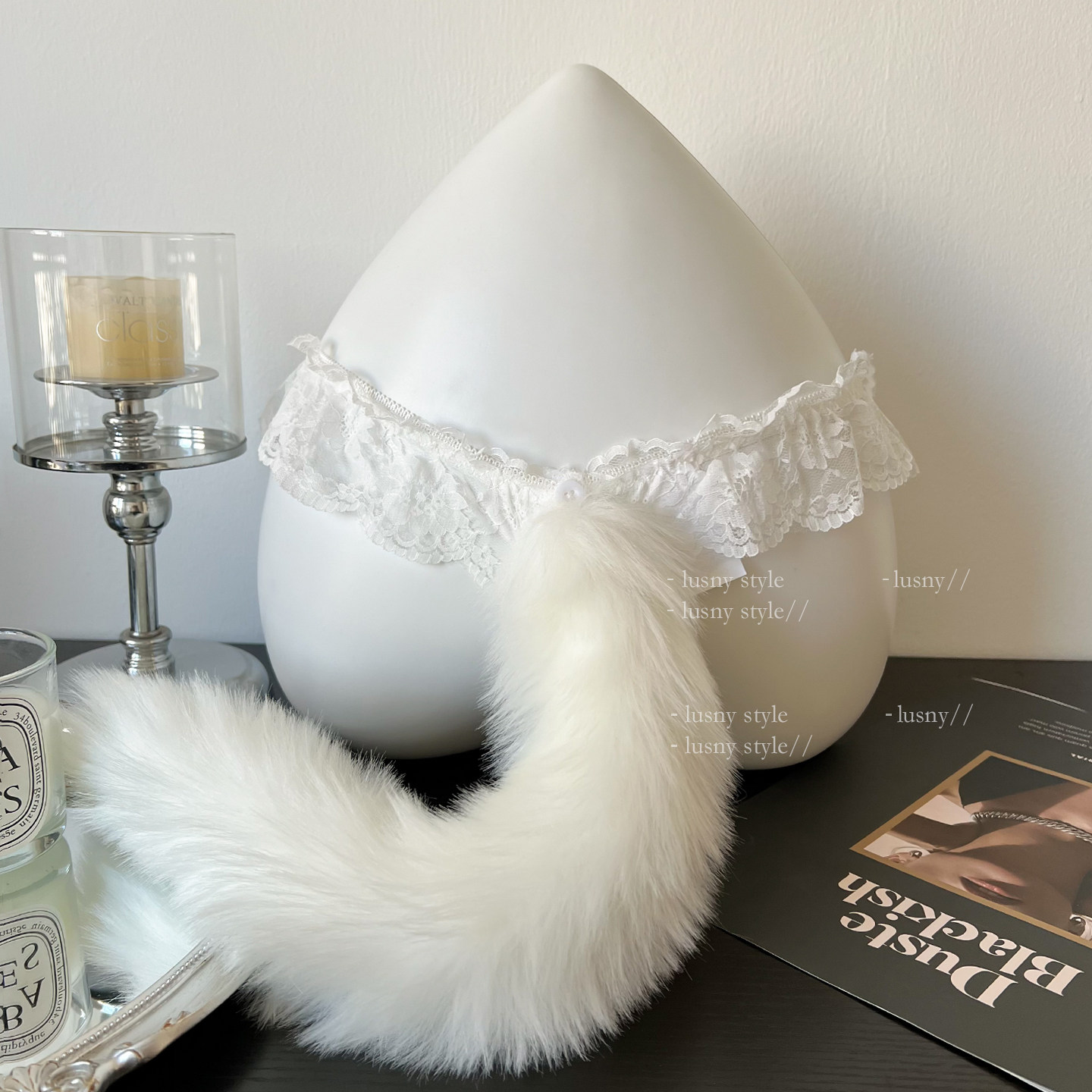 Uncle Deer: Sexy and Cute Cat Tail Thong Low-Waist Lace Cosplay Fox Fur Ball Tail Pearl Briefs
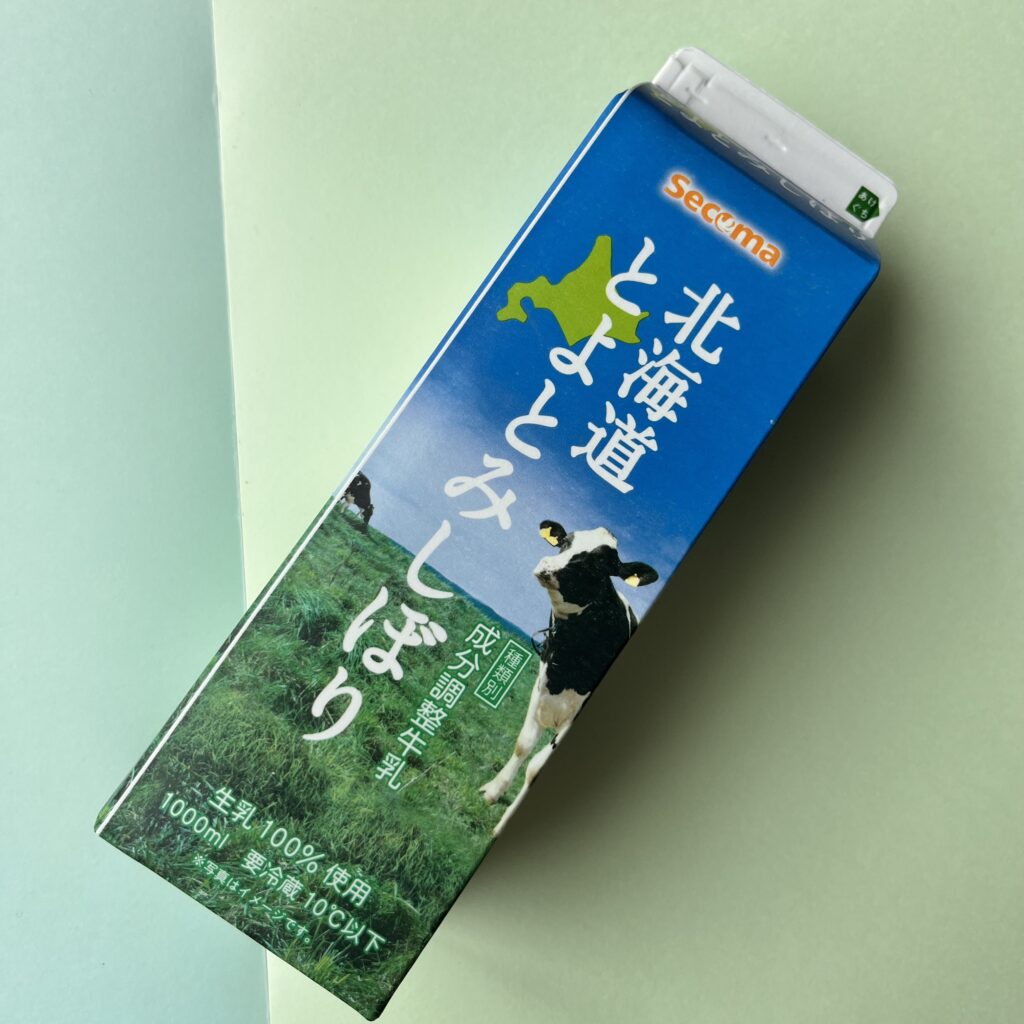 青いパッケージの「とよとみしぼり」は成分調整牛乳なので、個人的には↑の写真に写ってる「北海道牛乳」の方が成分無調整牛乳で濃厚だと思ってる。
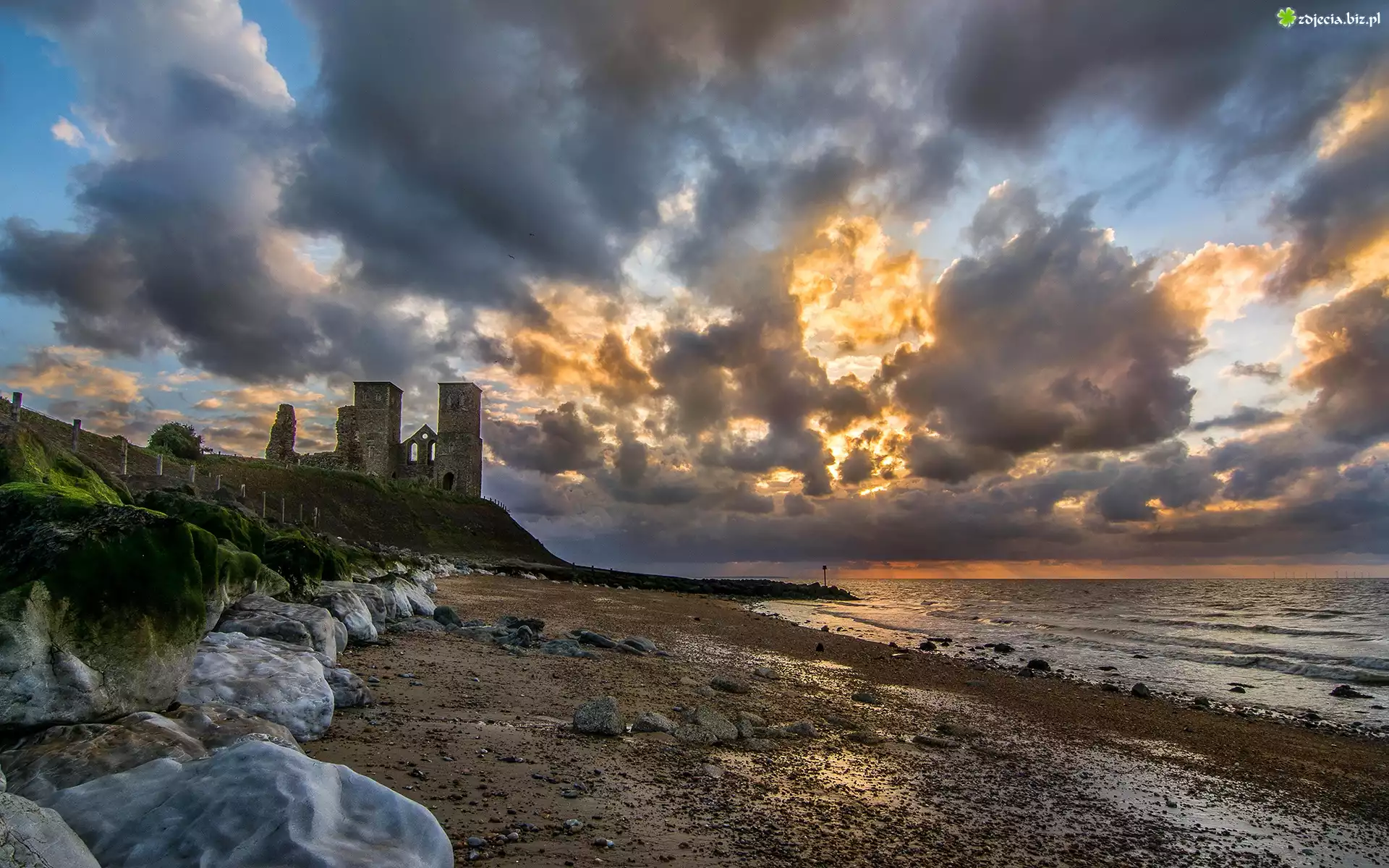 Zdjęcie Morze, Plaża, Kamienie, Ruiny, Chmury, Zachód, Słońca

§ **Directions for this task**:
Send back every line above exactly, skipping all pictures.

§ **Solution**:
 Uncle Deer: Sexy and Cute Cat Tail Thong Low-Waist Lace Cosplay Fox Fur Ball Tail Pearl Briefs
 青いパッケージの「とよとみしぼり」は成分調整牛乳なので、個人的には↑の写真に写ってる「北海道牛乳」の方が成分無調整牛乳で濃厚だと思ってる。
 Zdjęcie Morze, Plaża, Kamienie, Ruiny, Chmury, Zachód, Słońca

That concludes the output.